Suggest distributed grading. This part is hilarious. The report says that distributions may violate some department’s policies and that the committee doesn’t want to impose on professors’ discretion, not to mention the inherent unfairness of grading on a distribution. And yet, it issues “guidelines” to departments that include 4-5% in the 60-69 range and 0-1% in the 59 (fail) range. As a former teacher to middle class youth headed to state school, I’m trying to imagine the outcry if every class of 30 Yale students had 1 or 2 close to failing, and it hurts my brain.
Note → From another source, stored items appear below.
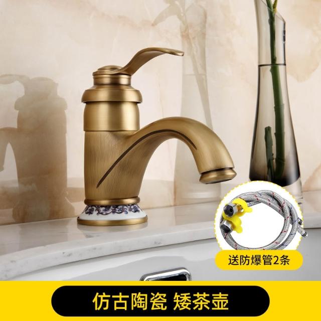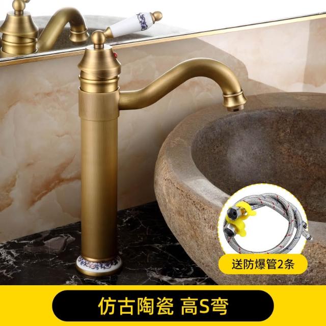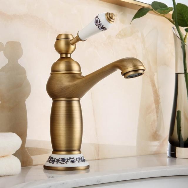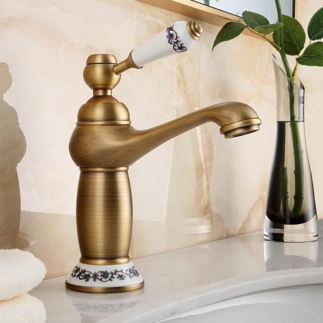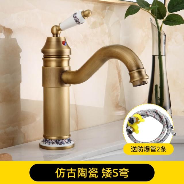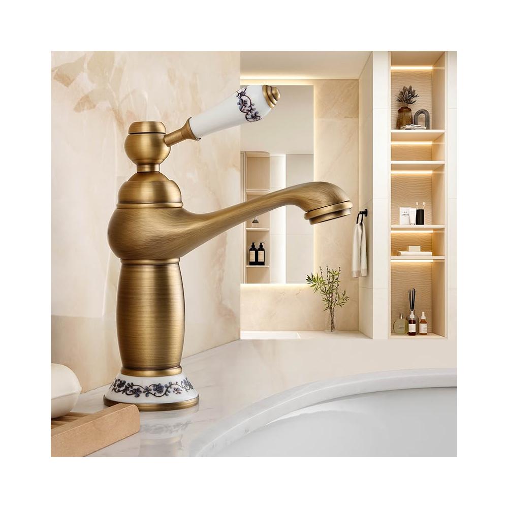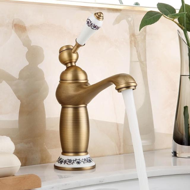 仿古面盆水龍頭全銅可旋轉歐式復古衛生間洗臉盆冷熱出水單把單孔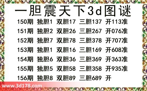 福彩3d第17156期一胆震天下三胆图:本期一胆震天下3d图谜:150期 独胆1 双胆17 三胆137 开113准151期 独胆2 双胆26 三胆267 开076准152期 独胆7 双胆78 三胆378 开707准153期 独胆1 双胆16 三胆169 开608准154期 独胆6 双胆36 三胆369 开363准155期 独胆5 双胆58 三胆358 开935准156期 独胆8 双胆89 三胆689 开一胆震天下三胆图库由3d之家3d图库频道原创,仅供彩民参考,温馨提供。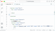 ビューポートの幅が広がったときのヒーローエリアのレイアウトを作り込んでいきます。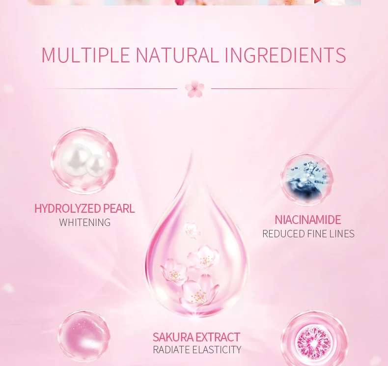 Ingredients: Sakura Extract, Hydrolyzed Collagen Pearl Pearl Hydrolyzed, Nicotinamide, Sodium Hyaluronate and so on …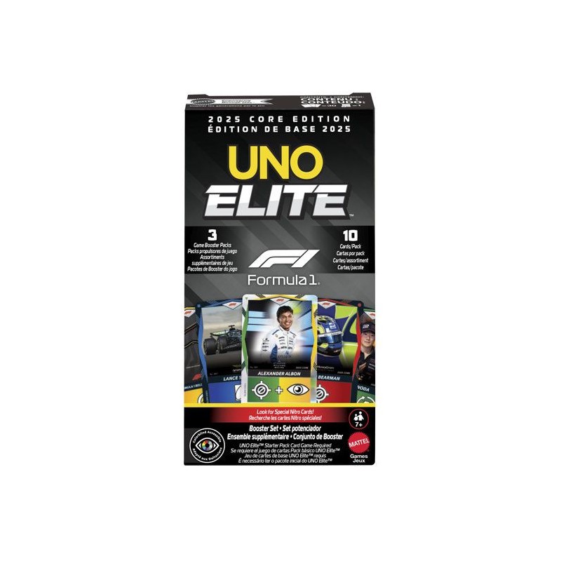 Des cartes UNO a collectionner et a jouer a l'effigie des 10 écuries de Formule 1 : pilotes, voitures ... Contenu : 3 boosters de 10 cartes Elite Action.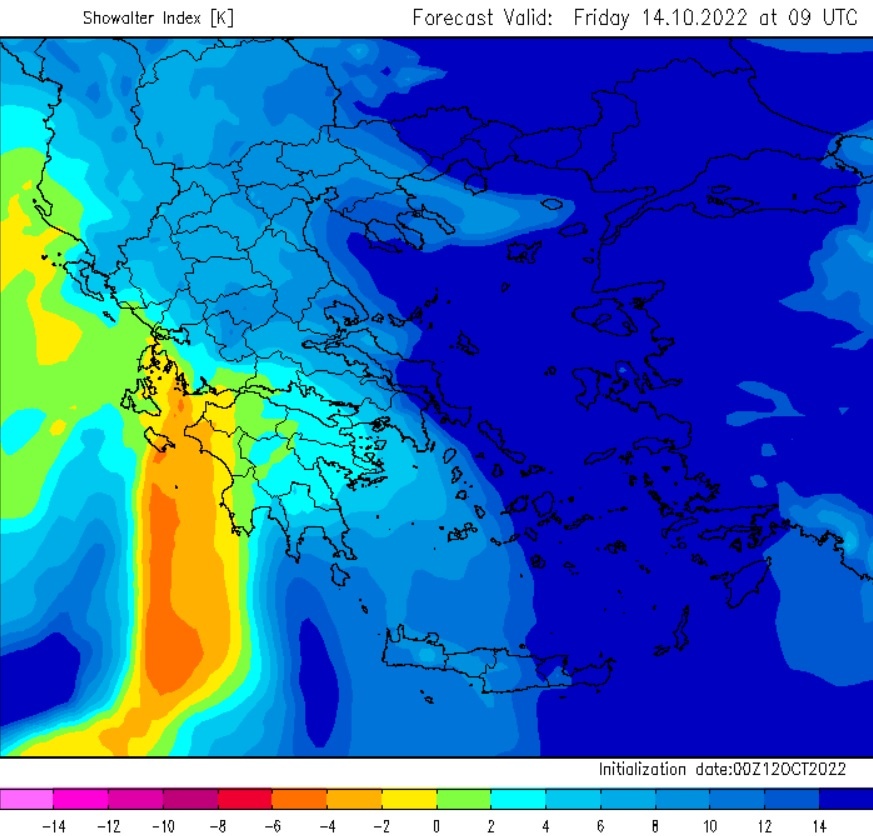 Όπως φαίνεται και στην εικόνα παρακάτω, οι δείκτες αστάθειας στη Δυτική Ελλάδα το πρωινό της Παρασκευής είναι τέτοιοι που θεωρείται πλέον πολύ πιθανό να έχουμε στις προαναφερθείσες περιοχές ακόμα και κατά τόπους έντονα η πλημμυρικά φαινόμενα. Εκτιμώ ότι είναι αυξημένη η πιθανότητα ακόμη και για τοπικά ισχυρές χαλαζοπτώσεις διότι έτσι και αλλιώς θα υπάρξουν εκτεταμένα καταιγιδοφόρα νέφη που θα δίνουν εκείνη την ώρα έντονη ηλεκτρική δραστηριότητα. Ίσως να υπάρξει και μέσα στο Ιόνιο η αρκετές φορές εμφανιζόμενη σε κακοκαιρίες «γραμμή λαίλαπας» που σημαίνει ότι εκτεταμένες καταιγίδες σε σχεδόν ευθεία γραμμή και σε μήκος αρκετών χιλιομέτρων θα κινηθούν από την Αδριατική προς τα Επτάνησα.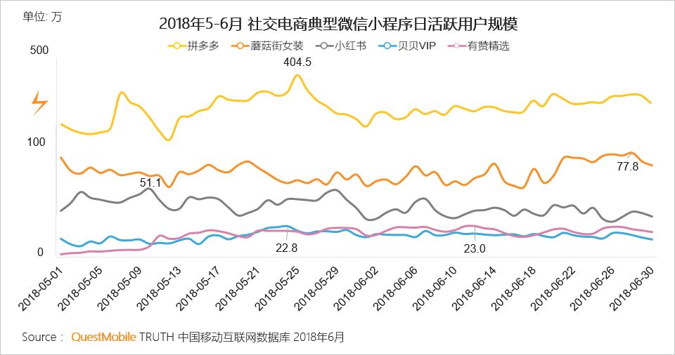 VI、拼多多战略调整、引导用户从小程序往APP迁移,目前小程序的日活仅为APP的5%;蘑菇街发力小程序直播,小程序用户规模已经达到APP的三分之一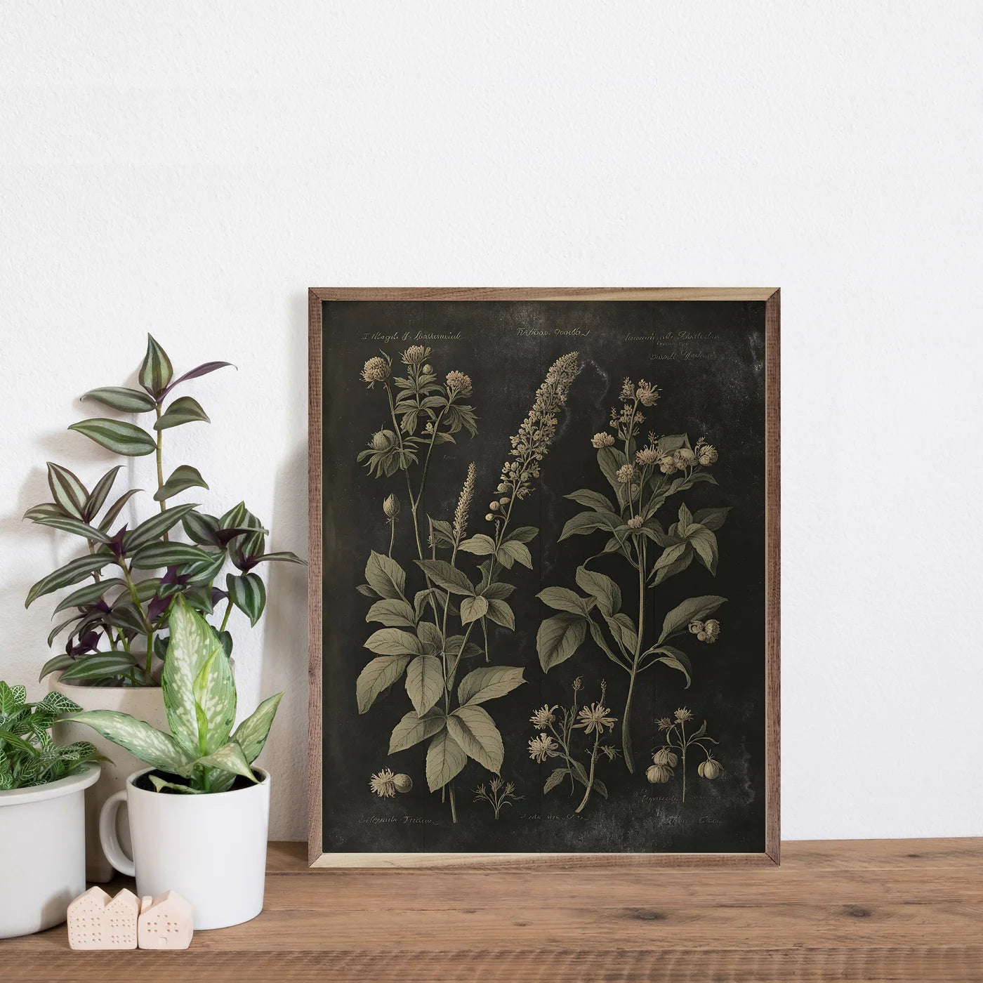 This vintage style wood print, featuring a walnut wood frame with beautiful neutral floral stems printed on a black distressed shiplap background, is sure to provide beauty and farmhouse charm to any space.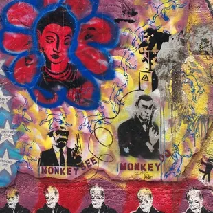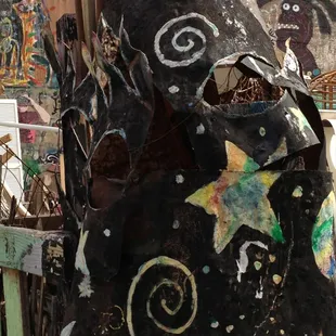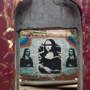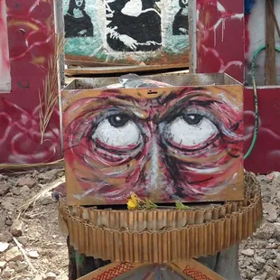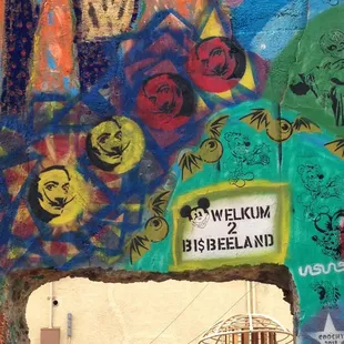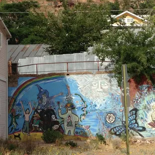 Bisbeeland is a sight to behold in Bisbee. It is an artist's home that is totally decked out in sculptural art pieces, mixed media and "graffitti" art. The streets are painted with murals from iconic people such as John Lennon and Mother Theresa, a pop art smoking sock monkey, dia de muertos and policital expressions. There is a sort of shrine set up with Mona Lisa in the middle. I saw something about a bark park, but not in the traditional sense, rather I believe the artist has three dogs that you might see. Every inch makes for some cool photographs. Every second you discover something else. It leaves you in admiration of such creativity. It totally reminded me of the Heidelberg Project in Detroit, but instead of an urban excape it is nesteled in an artist community winding through the mountains. It is a must see!!!
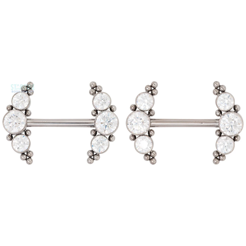 Add a touch of glamour to your jewelry collection with these nipple barbells featuring a glimmering curved cluster.

The clear solution, to me, is get rid of grading. Presumably, students at Yale are doing plenty of learning and doing plenty of work. The problem is just that they’re all receiving As for it. Rather than fight to maintain an ineffective grading system and hand out a few token Cs to verify the fairness, why not do away with it? The listed bad effects of grade inflation – cheapening of the grade, more difficult to interpret grades, etc. – all vanish with the grading system. If nobody is getting a worthless letter or number on their transcript, nobody will care what it’s supposed to mean. If you hire competent staff and foster a strong learning environment, you can be sure most of your students are “passing” – then just let the teachers teach and let the students work.
This is especially possible at Yale, where the classes are small, manageable, and demanding. Grades are, after all, a mechanism that makes measuring students’ abilities easier to do. But when classes are mostly seminar-sized, a professor that is involved in the class and aware of her surroundings could easily surmise who is struggling and who is succeeding. If she has students that are struggling, she can help them as much as is deemed necessary. Boom, no grades needed. Instead, there’s a system now where professors condense 13 weeks of conversations and one or two research essays into one of five letters. I really don’t see the point. If the grading system is so ineffective that there may as well be no grading, then let’s do it. Abolish the grading system, and we’ll be able to move on like nothing ever happened.